OK, I can see how the simple combined activation maps could be useful.
Relu1_1
Relu2_1
Relu3_1
Relu5_3
Just as a sidetrack... so my convis shows me the activations from each individual filter in a VGG network. Now I noticed that the second filter of relu1_1 of the usual VGG19 reacts mainly on the sky in the default Thuringen image. So taking the output from that feature map and adding some postprocessing I can get masks like these. The point here is that the filters in relu1_1 act directly on the image and therefore can also be used as ordinary image filters (if they happen to produce useful output, that is).
Could you please share the convis modifications for creating simple combined activation maps?
I am also wondering how torch.max can be used to get a predicted class value, when no classification list is provided. The code lines here seem to do this and I can't seem to recreate it in convis or Neural-Style.
Like for example:
local y = net:forward(img)
local score, pred_label = torch.max(y,1)
label = pred_label[1]
print("Predicted label: ", pred_label)
This seems like it might be interesting to use for models that don't readily available category lists.
Another idea I just had was what if instead of arbitrary restricting Neural-Style's layer channels to specific values, we could instead restrict it to what matches the most likely label. Is is possible to get a list of layers and their filters using the above code?
Edit:
I figured it, it was really simple:
local width, height = 224, 224
content_image = image.scale(content_image, width, height)
local cnn = loadcaffe.load(params.proto, params.model, "nn"):float()
local y = cnn:forward(img)
local score, pred_label = torch.max(y,1)
print("Predicted label: ", pred_label)
I also see your neural_mirage5.lua does not resize the image before making the predictions? Is the above method basically the same as yours, only it uses torch.max to get the label with the highest accuracy prediction, whereas your code checks every label and creates a top 5 set of labels.

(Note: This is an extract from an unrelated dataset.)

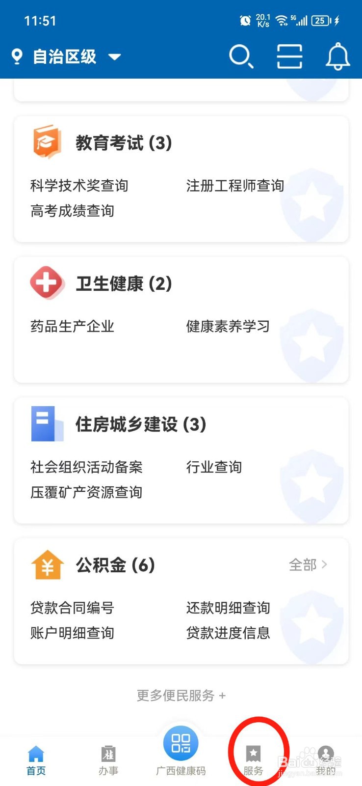 第一步:打开广西政务APP,登录账号,在首页点击【服务】

@htoyryla For the mask image you created with relu1_1, I guess that particular filter was looking for a "sky texture"?
And in the context of our conversations here, "filter" and "layer channel", are the same thing, right?

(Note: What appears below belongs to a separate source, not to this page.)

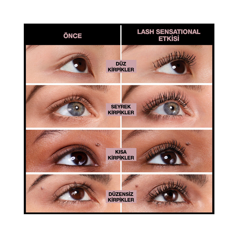 Maybelline New York Maskara Lash Sensational Maskara Black Yelpaze etkisi ile tek tek ayrılmış dolgun kirpik görünümü elde etmenizi sağlıyor. Kirpiklerin topaklanmasını ve tortu oluşmasını engelleyen ürün rahat kullanımı nedeniyle tek sürüşte rengin oluşmasını sağlıyor. İçeriğinde yer alan özel vitaminler nedeniyle kirpik diplerini besleyerek nemlendiren ürün kirpiklerin bakımını sağlayarak çok daha canlı görünmesini sağlıyor. Derin ve çekici bakışlar sağlayan mascara dermatolojik testlerden geçirildiği için alerjen etki yaratmıyor ve her cilt tipi tarafından sorunsuzca kullanılabiliyor.

For the mask image you created with relu1_1, I guess that particular filter was looking for a "sky texture"?
Not really, the lowest levels cannot detect complex entities like "sky", they simply act as basic convolutional filters. It could be that it detects a certain color.
And in the context of our conversations here, "filter" and "layer channel", are the same thing, right?
Yes. Functionally they are filters. In neural-style/torch terms, a channel in a layer.
Is the above method basically the same as yours, only it uses torch.max to get the label with the highest accuracy prediction, whereas your code checks every label and creates a top 5 set of labels.
Yes. It shows the top 5 labels. In addition, when neural-mirage creates a new image, the target is the complete set classification probabilities, not only a single class with the highest probability. It tries to create an image that gives the same mix of label probabilities.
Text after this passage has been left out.